Mereka menggunakan alat seperti Amazon Simple Storage Service (S3) Browser dan WinSCP untuk mengumpulkan informasi tentang konfigurasi S3 bucket, mengakses objek S3, dan menghapus data. Bling Libra mendapatkan kredensial AWS dari file sensitif yang terpapar di internet, yang berisi berbagai macam kredensial. Mereka "secara khusus mengincar kunci akses AWS yang terpapar milik pengguna manajemen identitas dan akses (IAM) dan beberapa kredensial terpapar lainnya", tulis para peneliti. Kredensial tersebut memungkinkan para penyerang untuk mengakses akun AWS tempat pengguna IAM berada, dan melakukan panggilan AWS API untuk berinteraksi dengan S3 bucket dalam konteks kebijakan AmazonS3FullAccess, yang memungkinkan semua izin pengguna.

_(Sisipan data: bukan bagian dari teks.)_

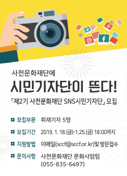 강의태 사천문화재단 대표이사는 “SNS 시민기자단 운영을 통해 시민들의 참여와 공감, 활발한 소통의 장을 마련하고 SNS 홍보 다양화를 통해 시민·관광객들에게 생생한 정보를 전달하는데 큰 도움이 될 것으로 기대하고, 관심 있는 분들의 많은 참여를 당부한다”고 전했다.
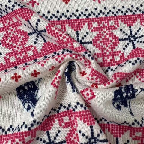 Pembe geri dönüşümlü Polyester Hacci baskı kumaş hafif Jersey nefes yumuşak etek giyim için

Dalam kasus ini, penyerang cukup mengintai di jaringan selama sekitar satu bulan sebelum melancarkan serangan. Mereka mencuri data dan menghapusnya dari lingkungan, meninggalkan catatan pemerasan yang memberi organisasi satu minggu untuk membayar tebusan. Bling Libra juga membuat S3 bucket baru, yang kemungkinan digunakan untuk "mengolok-olok organisasi tentang serangan tersebut", kata para peneliti. Serangan Ticketmaster yang terungkap pada bulan Juni lalu sangat menonjol karena jumlah data yang berhasil dicuri oleh Bling Libra.
Kelompok itu mengklaim bahwa lebih dari setengah juta catatan yang dicuri termasuk informasi pribadi seperti nama, email, alamat, dan detail kartu pembayaran parsial. Pada bulan yang sama, kelompok itu juga mengaku bertanggung jawab atas serangan terpisah terhadap perusahaan serupa di Australia, Ticketek Entertainment Group (TEG); seperti Ticketmaster, serangan itu terjadi pada bulan Mei. Kelompok ini telah dikaitkan dengan beberapa pelanggaran data besar yang memengaruhi puluhan juta catatan data.
Dalam banyak kasus, Bling Libra menyerang target akhirnya melalui penyedia layanan cloud pihak ketiga. Dalam kasus Ticketmaster dan lainnya, penyedia tersebut adalah Snowflake, dan penyerang menggunakan kredensial akun cloud yang sah yang rentan karena tidak mengaktifkan otentikasi multifaktor (MFA). Kurangnya MFA dan "tren yang mengkhawatirkan tentang kredensial yang terlalu permisif" adalah tema umum tidak hanya dalam cara Bling Libra dan penyerang lainnya mendapatkan akses ke lingkungan cloud, tulis para peneliti.
Seiring dengan semakin banyak organisasi yang memindahkan operasi penting mereka ke cloud, para pembela harus menyelesaikan masalah dasar seputar otentikasi dan izin agar dapat mencegah kompromi oleh aktor yang berpengalaman, kata mereka. Unit 42 merekomendasikan agar organisasi selalu menggunakan MFA sebisa mungkin untuk menghindari skenario akses awal yang dimanfaatkan oleh Bling Libra dalam serangan tersebut. Menggunakan solusi IAM yang aman yang membatasi izin pengguna hanya untuk proses dan aset yang mereka butuhkan (terlepas dari kebijakan IAM individual di setiap akun) juga dapat mencegah penyerang mengakses data sensitif, kata para peneliti.